Sunday, June 7, 2009

Changing Planes: A Discourse



Changing Planes is actually a bundle of short stories about switching planes or dimensions while whiling the time away at those miserable things called air ports. Though there isn't a lot gadgetry or cyborgs, I would consider Changing Planes scientific if only because it asks and obliquely answers various "what if" questions. Since the narrator is a native of Earth's plane (or so it's implied), her reactions toward the society, culture, and history of the planes she visits are described in detail, fulfilling Asimov's requirement and, since it is mostly focuses on the people, it also provides ample opportunity for exploration of the soul.

A major theme I noticed was that of exploitation, whether it was citizens of a plane doing it to other citizens of the same plane, or evil Corporate earthlings taking over someone else's Islands and turning them into a capitalistic, 365 day a year, holiday theme parks (or something similar). Sometimes, though, the question was poised about whether it was good that other cultures should ignore the visitors and the culture they had to offer.

Anyway, here are my thoughts on some of the particular stories:

Porridge on Islac

A plane where experimentation with genetics went out of control. People are sterilized, some can no longer give birth because of the ban. A woman who is 4% maize, named Ai Li A Le, had to give up her own daughter because of the experimentation:
My daughter lives in the North Sea. On raw fish. She's very beautiful. Dark and silky and beautiful. But -- I had to take her to the seacoast when she was two years old. I had to put her in that cold water, those big waves. I had to let her swim away, let her go be what she is. But she is human too! She is, she is human too!"

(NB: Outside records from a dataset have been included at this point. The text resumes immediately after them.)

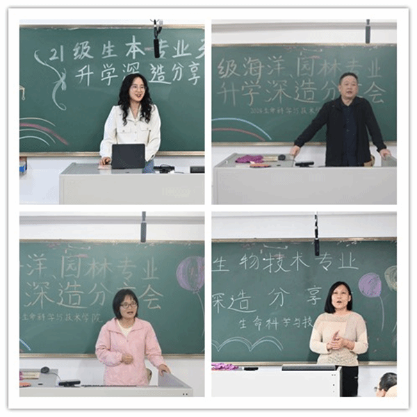 生物科学系主任周艳、海洋资源开发与技术系主任杨长庚、生物技术系主任冯瑜菲、园林系主任成夏岚和各班主任及教师们希望同学们能够积极向上,引用鲁迅的话“愿中国青年都摆脱冷气,只是向上走,不必听自暴自弃者流的话。能做事的做事,能发声的发声。”鼓励同学们要有所作为,要为社会发光发热。
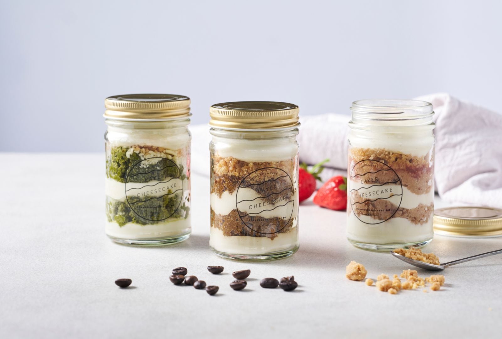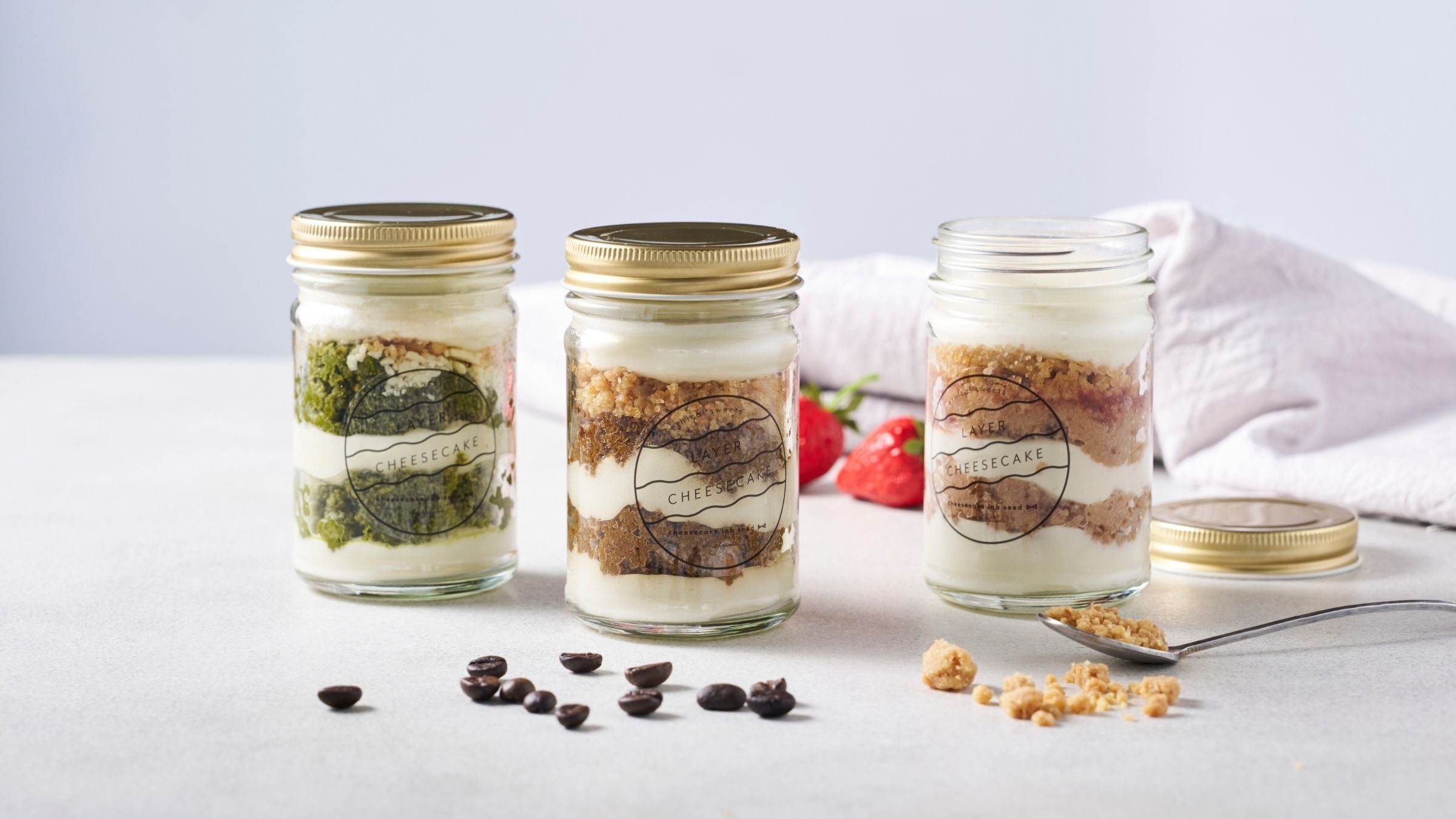 『一口ごとに広がる幸せ』 seedの瓶入りチーズケーキ こだわりの素材を何層にも重ね、食べていく度にしあわせを感じてもらいたい そんな思いを込めて開発しました
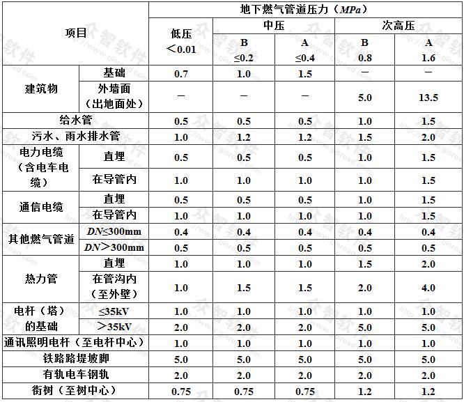 6.7.5地下燃?xì)夤艿琅c交流電力線接地體的凈距不應(yīng)小于表6.7.5的規(guī)定。
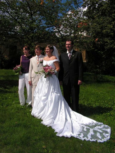 Chtěli bychom poděkovat všem, kteří přišli a užili si s námi tento pro nás tak krásný den!Hlavní poděkování patří rodičům a svědkům !Brzy po ránu nám pršelo štěstí a pak se počasí umoudřilo a bylo nádherně!Všechno jsme stihli včas a v pohodě s úsměv…
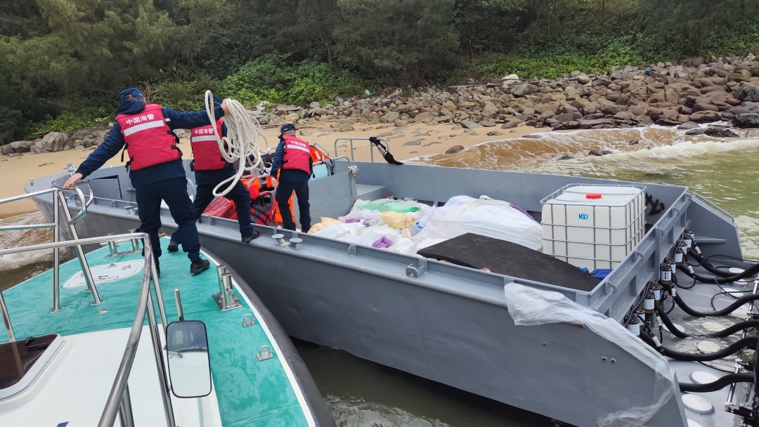 在海警执法艇约10分钟的全速追缉后,该摩托艇在下川岛强行冲滩,3名嫌疑人弃船往槟榔湾逃窜。执法员立即将嫌疑人情况通报至当地公安部门协助查缉,随后对该船进行登临检查。
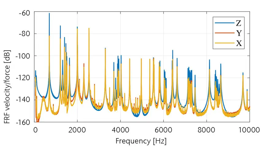 此外,3D扫描式激光多普勒测振仪还能轻松准确地输出整个带宽范围内的完整三维振型,其完整的数据集可以方便地用于有限元模态相关性分析。
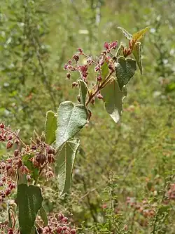 Lasiopetalum bracteatum, commonly known as Helena velvet bush,[2] is a species of flowering plant in the family Malvaceae and is endemic to the south-west Western Australia. It is an erect, spreading shrub with egg-shaped leaves and loose groups pinkish flowers.
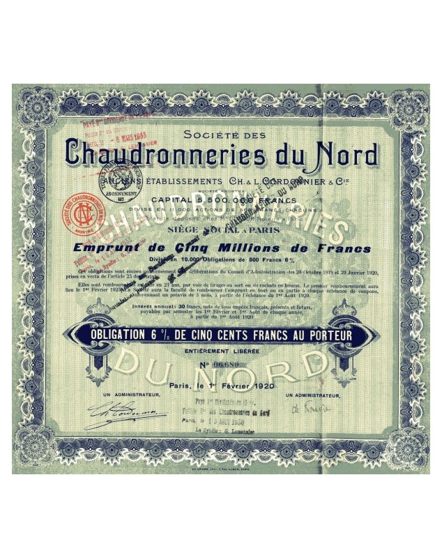 Sté des Chaudronneries du Nord (Anciens Ets Ch. & L. Cordonnier & Cie)
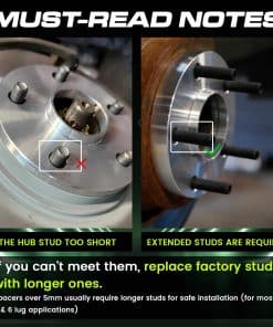 Nuestros separadores de rueda/adaptadores están diseñados para la corrección de offset, mejorando el rendimiento en el manejo y realzando la apariencia general del vehículo. Fabricados con aluminio de alta calidad 6061 T-6, conocido por su resistencia y durabilidad. Los separadores Customadeonly se producen mediante un proceso CNC automatizado en nuestro centro de mecanizado de 4 ejes, lo que garantiza calidad y precisión consistentes en cada producto. Respaldados por nuestra garantía de producto de 3 AÑOS contra cualquier defecto funcional. Es necesario instalar pernos extendidos (no incluidos) para una instalación segura del producto.
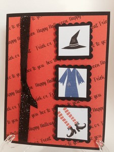The fall air is upon us now and it is only a matter of time before the holidays are here. I have a few more Halloween cards to show you but I have found this set to be so very versatile that I just keep coming back to it. The first card I made without the broom and I thought it was just to empty of space on the right so I added the witches broom. On the other one I moved everything over to the right side and added some sparkly black ribbon on the left. the background I made myself.
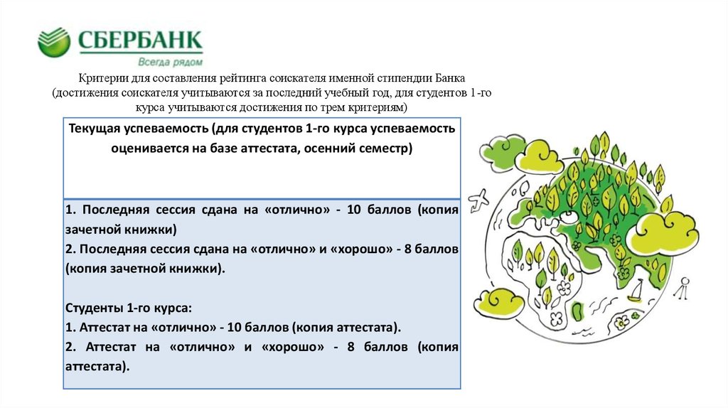 Критерии для составления рейтинга соискателя именной стипендии Банка(достижения соискателя учитываются за последний учебный год, для студентов 1-го
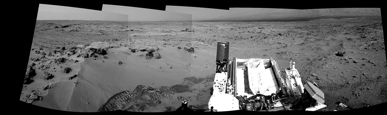 NASA's Mars rover Curiosity drove 6.2 feet (1.9 meters) during the 100th Martian day, or sol, of the mission (Nov. 16, 2012). The rover used its Navigation Camera after the drive to record the images combined into this stereo, panoramic view.
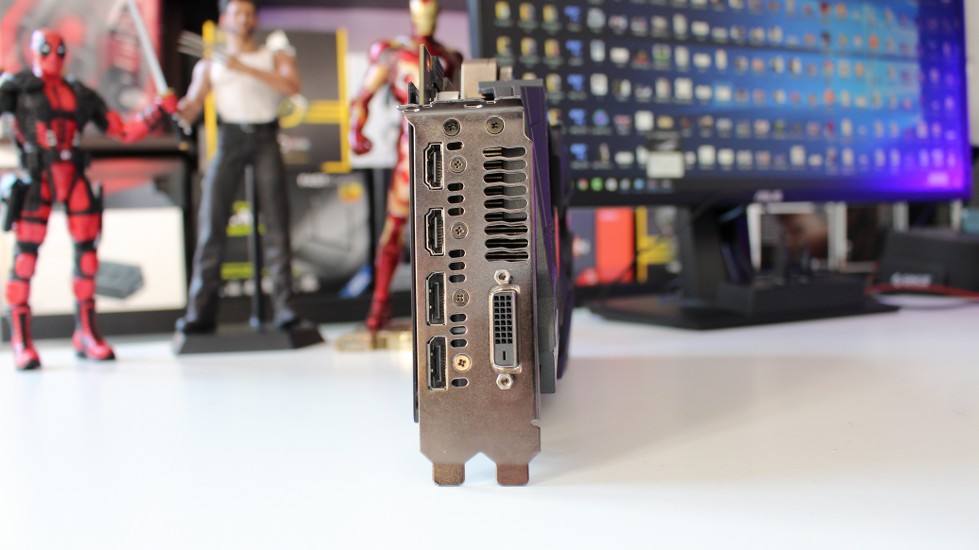 Ekran kartımızın görüntü çıkışlarına baktığımızda dikkatimizi direk DVI-I portu çekiyor. Nvidia, Founders Edition tasarımında soğutmayı geliştirmek adına bu portu kaldırmıştı ama Asus bu portu es geçmemiş. Buna ek olarak 2 adet HDMI 2.0B çıkışı görüyoruz ve 2 adet Display Port 1.4 portlarını görüyoruz. Yani 4K çözünürlükte 60HZ çıkış ve 12 bit renk derinliği alabiliyorsunuz.

She was crying, and so was I.


I think so much is said in this simple quote. Perhaps her daughter is a selkie, perhaps not. But all children must grow up. All children must find their own way, their own pond, and be who they are. But, despite whatever choices we make in life, we are still human.

I think sometimes, underneath dogma and opinions and reason, we forget that.

The Silence of the Asonu

People who live with animals value the charm of muteness. It can be a real pleasure to know when the cat walks into the room that he won't mention any of your shortcomings, or that you can tell your grievances to your dog without his repeating them to the people who caused them.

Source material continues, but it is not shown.